Task prompt
For the data below, give again exactly the lines from the one containing "Ergonomický, do oblouku" through the one containing "Am Sonntag, 7.", both ends included, and no others.

[[ The records, beginning ]]

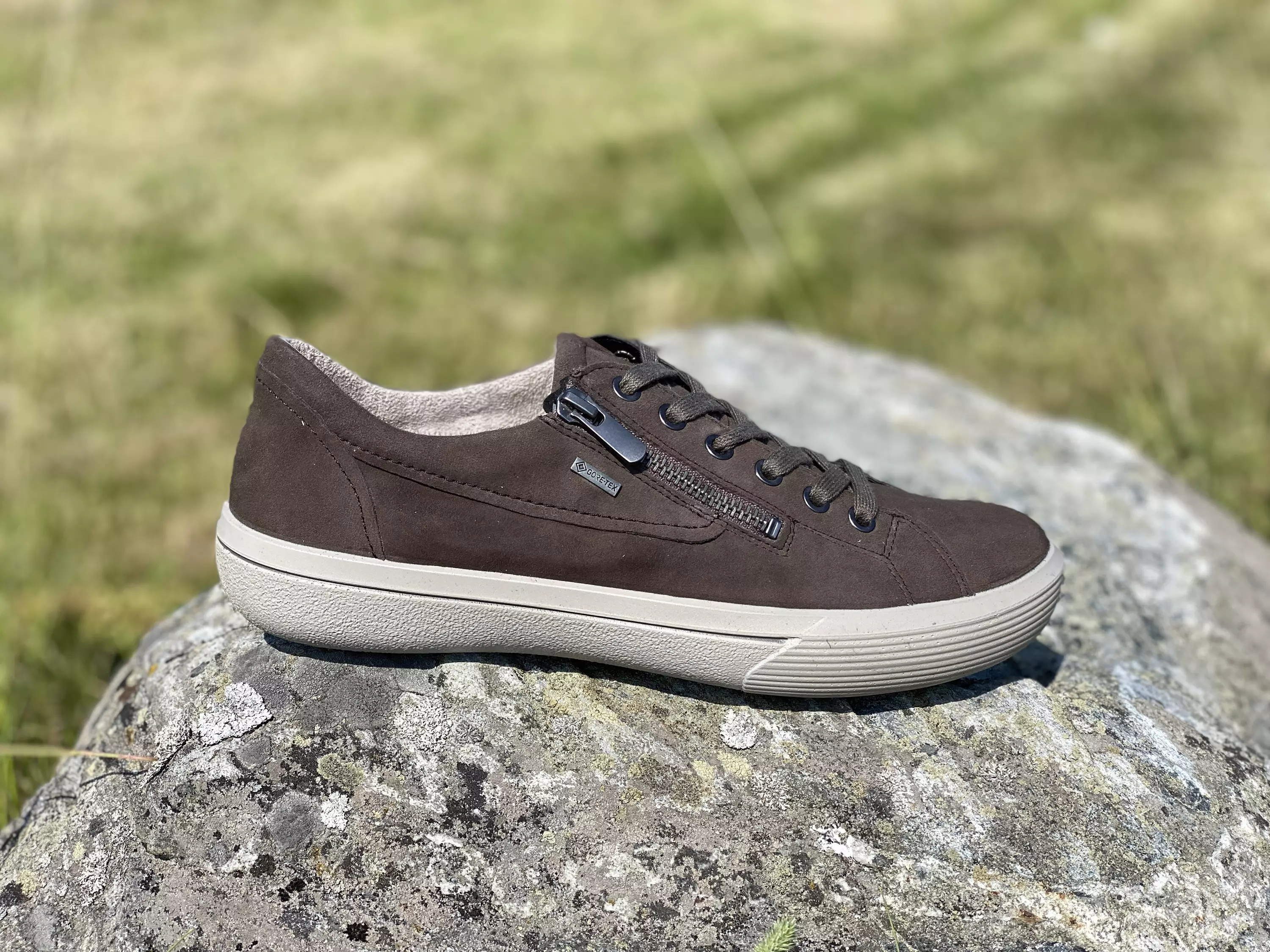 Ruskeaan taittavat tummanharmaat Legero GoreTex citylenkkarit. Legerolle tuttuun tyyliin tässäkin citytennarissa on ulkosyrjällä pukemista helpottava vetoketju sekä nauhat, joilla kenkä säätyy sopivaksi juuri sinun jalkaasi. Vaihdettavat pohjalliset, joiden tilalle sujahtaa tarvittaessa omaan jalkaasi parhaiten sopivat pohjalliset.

[[ The records, end ]]
[[ The records, beginning ]]

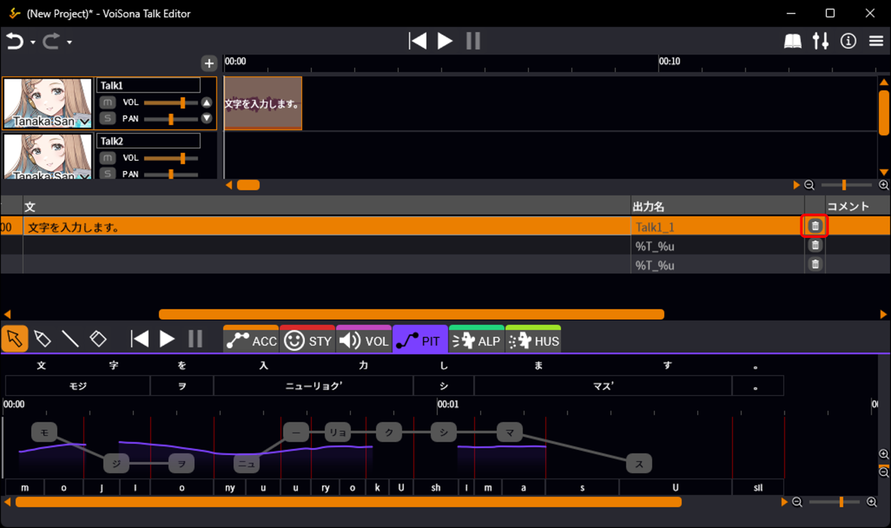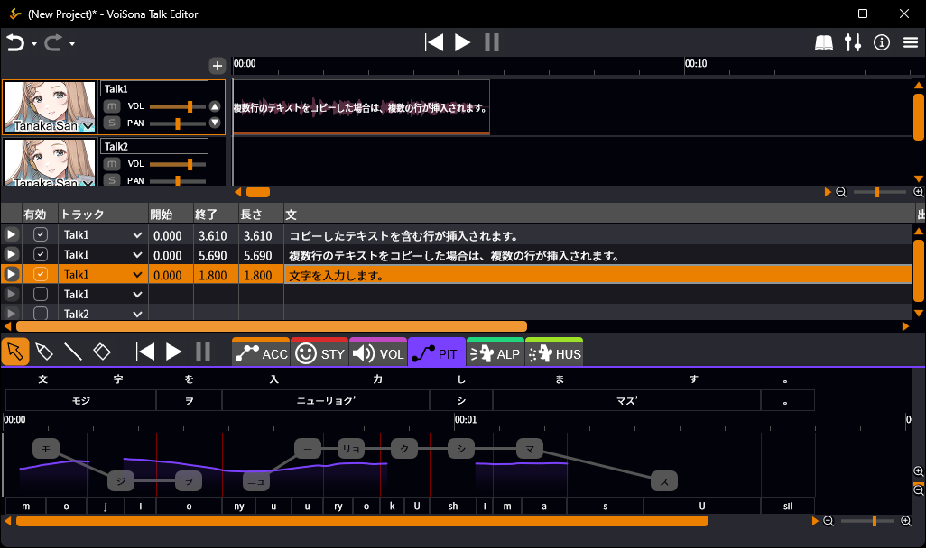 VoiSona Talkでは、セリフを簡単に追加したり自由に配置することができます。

[[ The records, end ]]
[[ The records, beginning ]]

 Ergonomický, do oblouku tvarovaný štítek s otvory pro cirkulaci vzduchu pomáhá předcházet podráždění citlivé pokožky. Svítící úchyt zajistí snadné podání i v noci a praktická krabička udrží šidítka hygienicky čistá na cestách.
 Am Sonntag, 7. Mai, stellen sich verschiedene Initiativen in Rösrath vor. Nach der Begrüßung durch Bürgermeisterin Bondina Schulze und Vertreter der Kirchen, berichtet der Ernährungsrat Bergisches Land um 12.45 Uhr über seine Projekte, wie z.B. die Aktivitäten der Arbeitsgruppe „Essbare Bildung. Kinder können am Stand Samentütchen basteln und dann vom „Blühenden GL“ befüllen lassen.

[[ The records, end ]]

Exercise answer
 Ergonomický, do oblouku tvarovaný štítek s otvory pro cirkulaci vzduchu pomáhá předcházet podráždění citlivé pokožky. Svítící úchyt zajistí snadné podání i v noci a praktická krabička udrží šidítka hygienicky čistá na cestách.
 Am Sonntag, 7. Mai, stellen sich verschiedene Initiativen in Rösrath vor. Nach der Begrüßung durch Bürgermeisterin Bondina Schulze und Vertreter der Kirchen, berichtet der Ernährungsrat Bergisches Land um 12.45 Uhr über seine Projekte, wie z.B. die Aktivitäten der Arbeitsgruppe „Essbare Bildung. Kinder können am Stand Samentütchen basteln und dann vom „Blühenden GL“ befüllen lassen.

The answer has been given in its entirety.